*THE DATA*:
* * * *

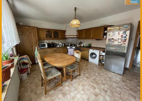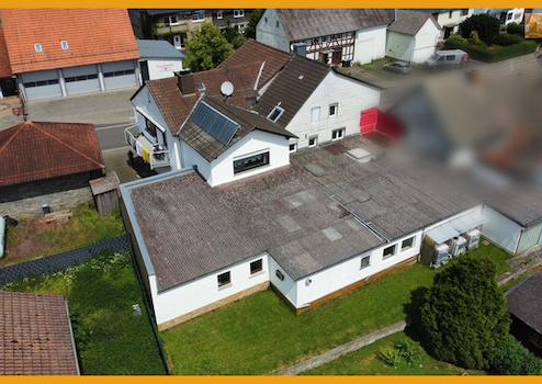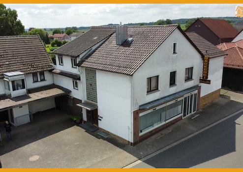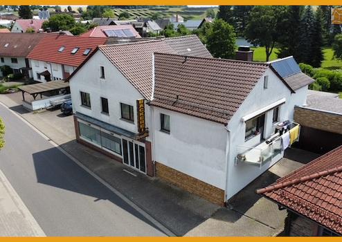 Dieses Wohn- und Geschäftshaus mit weitläufigem Garten bietet Ihnen zahlreiche Möglichkeiten. Das Hauptgebäude beherbergt im Erdgeschoss einen ehemaligen Lebensmittelladen mit Nebenraum, separatem WC sowie einen gefliesten Raum mit Starkstromanschluss. Weiterhin befindet sich auf dieser Etage eine kleine Waschküche, ein Duschbad mit WC sowie mehrere Lager und Kühlräume, die sich im angebauten, hinteren Teil befinden. Der Ladenbereich selbst kann direkt von der Straße aus betreten oder befahren werden. Im Obergeschoss befindet sich eine geräumige Wohnung. Diese Etage bietet Ihnen auf ca. 170 m² Wohnfläche insgesamt 4 Schlafzimmer in unterschiedlichen Größen sowie eine Küche mit Zugang auf den Balkon, ein großes Wohnzimmer mit Holzofen und ein Badezimmer mit Dusche und Wanne im Stile der 80er Jahre. Außerdem finden Sie hier ein Büro, welches als Durchgangszimmer zum Dachgeschoss fungiert. Das Dachgeschoss verfügt über zwei weitere Räume mit Wasseranschlüssen, die ebenfalls als Schlafzimmer genutzt werden können. Weitere Nutzräume wie Heizungsraum, Pelletlager und kleine Werkstatt finden Sie im Keller des Hauses. Besonders hervorzuheben ist der große Garten hinter dem Haus, welcher über zwei Gartenhäuser und diverse Obstbäume verfügt. Ein direkter Zugang vom Haus in den Garten ist aktuell nicht vorhanden und müsste hergestellt werden. Pkw können auf zwei Stellplätzen am Haus oder in der Doppelgarage geparkt werden.
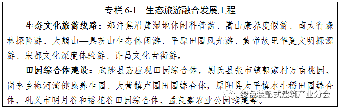 8.“两山两拳”文旅融合示范带建设工程。在郑州登封市和焦作武陟县、温县的部分区域内,通过完善旅游交通基础设施、建立统一标识体系、开展联合宣传推介等,打造以“云台山—陈家沟—少林寺—嵩山”等精品旅游线路为主体的都市圈生态、文化、旅游协同发展先行区。
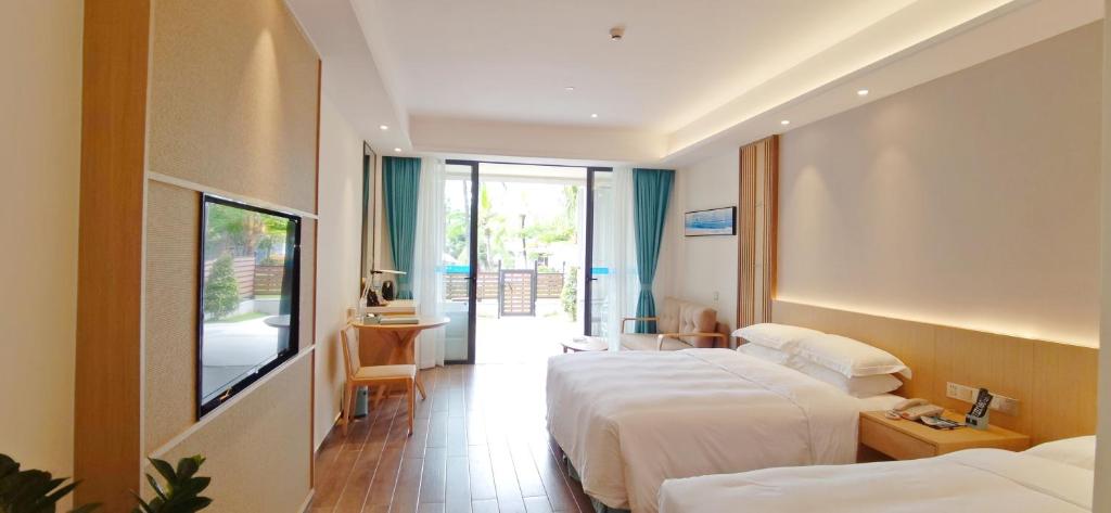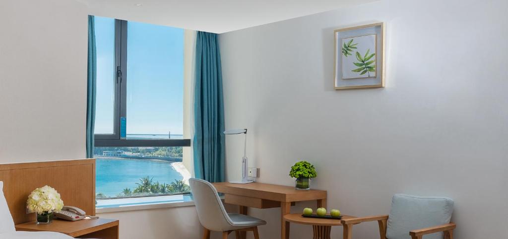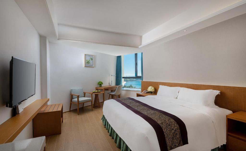 Отличное расположение, выход в море прямо из отеля. Территория хороша, бассейн приличный. Отель китайский, ждать от него соответствия мировым стандартам не стоит. По-китайски чисто: принадлежности, бельё, халаты, - всё идеально чистое и свежее. Но сопровождается это не первой свежести стенами и не сильно чистыми занавесками в номерах. В общем, стандартные китайские 4*. Нам это привычно, поэтому мы остались довольны. Номера «стандарт» - кошмар ужасный. Какое-то общежитие с видом на помойку. Но стоит чуть переплатить до номера «с частичным видом на море» без балкона - и попадаешь в хороший просторный светлый номер с большим окном и хорошей звукоизоляцией. Завтраки китайские, но выбрать есть, из чего. Кофе варят, яйца жарят :) Персонал вежливый, убирают ежедневно. Если на дверь повесить карточку «не беспокоить», то действительно не беспокоят :))) В целом всё прошло отлично! Спасибо! Мы довольны!

* * * *

All of the data must be set down exactly, with no pictures included.

*EXERCISE RESULT*:
 Dieses Wohn- und Geschäftshaus mit weitläufigem Garten bietet Ihnen zahlreiche Möglichkeiten. Das Hauptgebäude beherbergt im Erdgeschoss einen ehemaligen Lebensmittelladen mit Nebenraum, separatem WC sowie einen gefliesten Raum mit Starkstromanschluss. Weiterhin befindet sich auf dieser Etage eine kleine Waschküche, ein Duschbad mit WC sowie mehrere Lager und Kühlräume, die sich im angebauten, hinteren Teil befinden. Der Ladenbereich selbst kann direkt von der Straße aus betreten oder befahren werden. Im Obergeschoss befindet sich eine geräumige Wohnung. Diese Etage bietet Ihnen auf ca. 170 m² Wohnfläche insgesamt 4 Schlafzimmer in unterschiedlichen Größen sowie eine Küche mit Zugang auf den Balkon, ein großes Wohnzimmer mit Holzofen und ein Badezimmer mit Dusche und Wanne im Stile der 80er Jahre. Außerdem finden Sie hier ein Büro, welches als Durchgangszimmer zum Dachgeschoss fungiert. Das Dachgeschoss verfügt über zwei weitere Räume mit Wasseranschlüssen, die ebenfalls als Schlafzimmer genutzt werden können. Weitere Nutzräume wie Heizungsraum, Pelletlager und kleine Werkstatt finden Sie im Keller des Hauses. Besonders hervorzuheben ist der große Garten hinter dem Haus, welcher über zwei Gartenhäuser und diverse Obstbäume verfügt. Ein direkter Zugang vom Haus in den Garten ist aktuell nicht vorhanden und müsste hergestellt werden. Pkw können auf zwei Stellplätzen am Haus oder in der Doppelgarage geparkt werden.
 8.“两山两拳”文旅融合示范带建设工程。在郑州登封市和焦作武陟县、温县的部分区域内,通过完善旅游交通基础设施、建立统一标识体系、开展联合宣传推介等,打造以“云台山—陈家沟—少林寺—嵩山”等精品旅游线路为主体的都市圈生态、文化、旅游协同发展先行区。
 Отличное расположение, выход в море прямо из отеля. Территория хороша, бассейн приличный. Отель китайский, ждать от него соответствия мировым стандартам не стоит. По-китайски чисто: принадлежности, бельё, халаты, - всё идеально чистое и свежее. Но сопровождается это не первой свежести стенами и не сильно чистыми занавесками в номерах. В общем, стандартные китайские 4*. Нам это привычно, поэтому мы остались довольны. Номера «стандарт» - кошмар ужасный. Какое-то общежитие с видом на помойку. Но стоит чуть переплатить до номера «с частичным видом на море» без балкона - и попадаешь в хороший просторный светлый номер с большим окном и хорошей звукоизоляцией. Завтраки китайские, но выбрать есть, из чего. Кофе варят, яйца жарят :) Персонал вежливый, убирают ежедневно. Если на дверь повесить карточку «не беспокоить», то действительно не беспокоят :))) В целом всё прошло отлично! Спасибо! Мы довольны!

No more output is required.